Objects are retrieved through the Object ID. objects cannot be accessed directly through file path and file name operations through the ordinary file system. They can only be accessed through the API or a third-party client (actually encapsulating the API).
The objects in the object store are not sorted into the directory tree, but are stored in a flat namespace. Amazon S3 calls this flat namespace bucket, while swift calls it container.
Neither bucket nor container can be nested.
Buckets need to be authorized to access. An account can authorize multiple bucket s with different permissions.
It is convenient to expand horizontally and retrieve data quickly. It does not support client mounting, and the client needs to specify the file name when accessing.
It is not very suitable for scenarios where files are modified and deleted too frequently.
ceph uses a bucket as a storage bucket (storage space) to store object data and isolate multiple users. Data is stored in a bucket, and users' permissions are also authorized for buckets. You can set different permissions for different buckets to realize permission management.
bucket characteristics:
Storage space is the container you use to store objects. All objects must belong to a storage space. You can set and modify storage space attributes to control region, access permission, life cycle, etc. These attribute settings directly affect all objects in the storage space, Therefore, you can flexibly create different storage spaces to complete different management functions.
The interior of the same storage space is flat. There are no concepts such as the directory of the file system. All objects directly belong to their corresponding storage space.
Each user can have multiple storage spaces
The name of a storage space must be globally unique within the OSS. Once created, the name cannot be modified.
There is no limit to the number of objects inside the storage space.
bucket naming conventions:
Only lowercase letters, numbers, and dashes (-) can be included.
Must start and end with a lowercase letter or number.
The length must be between 3-63 bytes  

3. Object storage access comparison:

Amazon S3: user, bucket and object are provided to represent user, bucket and object respectively.

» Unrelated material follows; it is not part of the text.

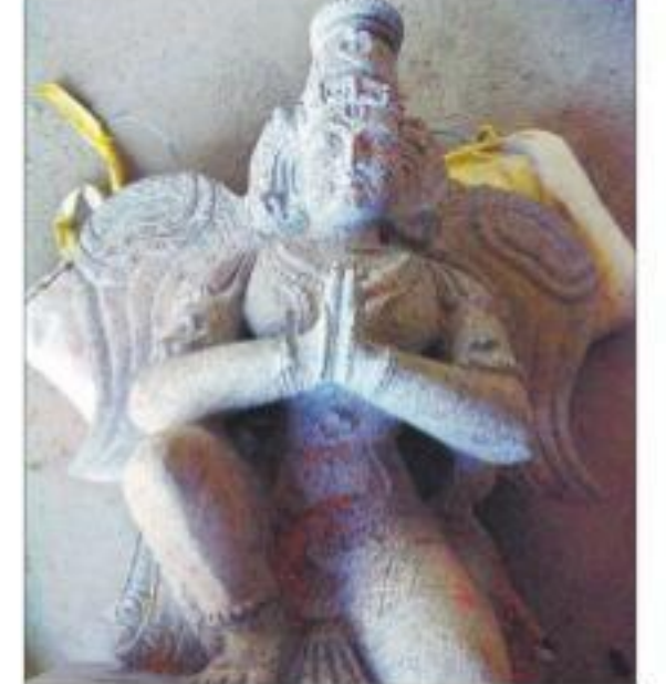
యాదాద్రి శ్రీలక్ష్మీనరసింహస్వామి ప్రధాన ఆలయం వద్ద గరుత్మంతుడి విగ్రహం

యాదాద్రిగిరిగట్టు: యాదాద్రి శ్రీ లక్ష్మీనరసింహ స్వామి దేవస్థానం కోసం ప్రత్యేకంగా తయారు చేయించిన గరుత్మంతుడి విగ్రహాలు ఆలయానికి చేరుకున్నాయి. ఆలయాన్ని మరింత ఆకర్షణీయంగా తీర్చిదిద్దేందుకు వైటీడీపీ అధికారులు, స్వపతులు, శిల్పాలు కృషిచేస్తున్నారు. ఇందులో భాగంగానే ప్రధాన ఆలయం, ప్రాకారాలు, మండపాల్లో గరుత్మంతుడి విగ్రహాలు, దీప కస్తూలు, సింహాల శిల్పాలను ఏర్పాటు చేయనున్నారు. వీటిని పాతగట్టలో స్వపతుల పర్యవేక్షణలో నిష్ఠాతులైన శిల్పాలు రూపొందించారు. నాలుగు గరుత్మంతుడి విగ్రహాలు గురువారం పాతగట్ట నుంచి ప్రధాన ఆలయం వద్దకు చేరాయి. రెండున్నర అడుగుల ఎత్తులో తయారైన వీటిని ప్రాకార మండపంలోని చిన్న విమానాల్లో ఏర్పాటు చేయనున్నారు. ఇక ఆరు అడుగుల ఎత్తులో రూపుదిద్దుకున్న రెండు దీప కస్తూలును గర్భాలయానికి ఎదురుగా ఉన్న గోపురం వద్ద ఏర్పాటు చేసేందుకు సన్నాహాలు చేస్తున్నారు. ఒకటిన్నర నుంచి రెండు అడుగుల ఎత్తులో తయార

Bucket belongs to
For the user, you can set the access permissions of different bucket namespaces for the user, and different users are allowed to access the same namespace
Same bucket.
OpenStack Swift: provides that user, container and object correspond to user, bucket and object respectively, but it
In addition, a parent component account is provided for the user to represent a project or tenant, so an account can be
Contains one or more user s who can share the same set of containers and provide a namespace for the container.
RadosGW: provides user
Subuser, bucket and object, where user corresponds to user of S3 and subuser
It corresponds to Swift's user, but neither user nor subuser supports providing namespaces for bucket s. Therefore, it is different
The user's bucket cannot have the same name; However, since the Jewel version, RadosGW has introduced tenant (tenant) for
Namespace is provided for user and bucket, but it is an optional component. RadosGW is set for different users based on ACL
Different permission controls, such as:
Read plus execute permission
Write write permission
Readwrite read only
Full control all control permissions
4. Deploy radosgw service
cephadmin@ceph-deploy:~$ ceph osd pool ls
device_health_metrics
.rgw.root            #Contains realm (domain information), such as zone and zinegroup
default.rgw.log      #Store log information, which is used to record various log information
default.rgw.control  #The system control pool notifies other RGW S to update the cache when there are data updates
default.rgw.meta     #The metadata storage pool stores different rados objects through different namespaces, including user uid and bucket mapping information namespace users.uid, user key namespace user.keys, user email namespace users.email, user subuser namespace users.swift and bucket namespace root   
root@ceph-mon01-mgr01:~# ps -ef|grep rados
ceph        852      1  0 21:46 ?        00:00:06 /usr/bin/radosgw -f --cluster ceph --name client.rgw.ceph-mon01-mgr01 --setuser ceph --setgroup ceph
cephadmin@ceph-deploy:~$ curl http://192.168.192.172:7480

Change custom port

root@ceph-mon01-mgr01:~# cat /etc/ceph/ceph.conf 
[global]
fsid = d2cca32b-57dc-409f-9605-b19a373ce759
public_network = 192.168.192.0/24
cluster_network = 192.168.227.0/24
mon_initial_members = ceph-mon01-mgr01
mon_host = 192.168.192.172
auth_cluster_required = cephx
auth_service_required = cephx
auth_client_required = cephx

[client.rgw.ceph-mon01-mgr01] #Add a custom configuration for the current node on the last side as follows: 
rgw_host = ceph-mon01-mgr01
rgw_frontends = civetweb port=8000
systemctl restart ceph-radosgw@rgw.ceph-mon01-mgr01.service

 

default.rgw.bucket.index     # Store the index information from the bucket to the object

default.rgw.bucket.data       # Storing object data

default.rgw.bucket.non-ec    # Additional information storage pool for data

[root@localhost haproxy]# cat haproxy.cfg close firewall SELinux
listen ceph-rgw
  bind 192.168.192.129:80
  mode tcp
  server rgw1 192.168.192.172:8000 check inter 3s fall 3 rise 5
  server rgw2 192.168.192.173:8000 check inter 3s fall 3 rise 5
root@ceph-mon01-mgr01:~# radosgw-admin zone get --rgw-zone=default

Enable ssl

Self signed certificate

cephadmin@ceph-mon01-mgr01:/etc/ceph/certs$ sudo openssl genrsa -out civetweb.key 2048
cephadmin@ceph-mon01-mgr01:/etc/ceph/certs$ touch /home/cephadmin/.rnd
cephadmin@ceph-mon01-mgr01:/etc/ceph/certs$ sudo openssl req -new -x509 -key civetweb.key -out civetweb.crt -subj "/CN=rgw.chuan.net"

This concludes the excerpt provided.